The boat's midsection and stern already were joined inside a temporary enclosure. The bow, upside down, sat outside, waiting to be attached.
Elsewhere in the yard, a well-traveled 95-foot fishing boat sat in dry dock for paint prep, covered by a giant tarp. A deafening whoosh filled the inside, where crews used equipment to dry the hull.
Nearby on the Ship Canal, Foss harbor tugs waited to be dispatched to towing jobs. An aluminum-hulled Alaska state ferry and a yacht were undergoing repairs.
"We have a great mix of the work we're hoping to be able to perform up in Everett," Foss Chief Operating Officer Steve Scalzo said.
Much of the activity now taking place at Foss' Seattle shipyard and terminal could shift to Everett within three years or so, if a deal to buy the site of Kimberly-Clark's former mill goes through.
Principals from Foss' parent company, Saltchuk, on Oct. 2 announced they were negotiating to buy the vacant industrial property, where Dallas-based Kimberly-Clark Corp. finished demolition work this summer.
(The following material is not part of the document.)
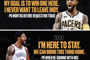 除了步行者与雷霆的当家核心均由保罗-乔治的交易产生,美媒还挖出了乔治昔日对两队的承诺:
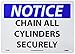 NMC N249RB OSHA Sign, Legend "NOTICE - CHAIN ALL CYLINDERS SECURELY", 14" Length x 10" Height, Rigid Plastic, Black/Blue on White

Everett city leaders completed a rezoning process early this year and opted to reserve much of the mill site for marine industrial use. The city might require Kimberly-Clark or Saltchuk to provide a park somewhere else along the shoreline, since Saltchuk's plans are incompatible with public access.
Provided there are no sticking points, the real estate sale is expected to close during the second quarter of 2014. Between now and then, Saltchuk has time to size up environmental cleanup at the 66-acre property and perform other due diligence. The purchase price isn't being disclosed.
Saltchuk's corporate leaders see the move to Everett as a chance to grow its business of building and repairing smaller vessels.
The former mill also would become the home port for parts of the company's 200-strong fleet of tugs, barges and other specialty vessels. That includes harbor and ocean tugs, as well as vessels supporting mining and oil drilling in Alaska.
When fully running, the new Everett shipyard and home port could employ about 250 people. The expansion is likely to unfold in stages, and the timeline is subject to change.
Foss' current Seattle facility sits between the Fremont and Ballard bridges, on the Queen Anne Hill side of the Ship Canal. There are three floating dry docks and 2,600 feet of wet berth.
On a foggy October morning, the yard rumbled with forklifts and whirred with power equipment. The scene was busy yet surprisingly tidy.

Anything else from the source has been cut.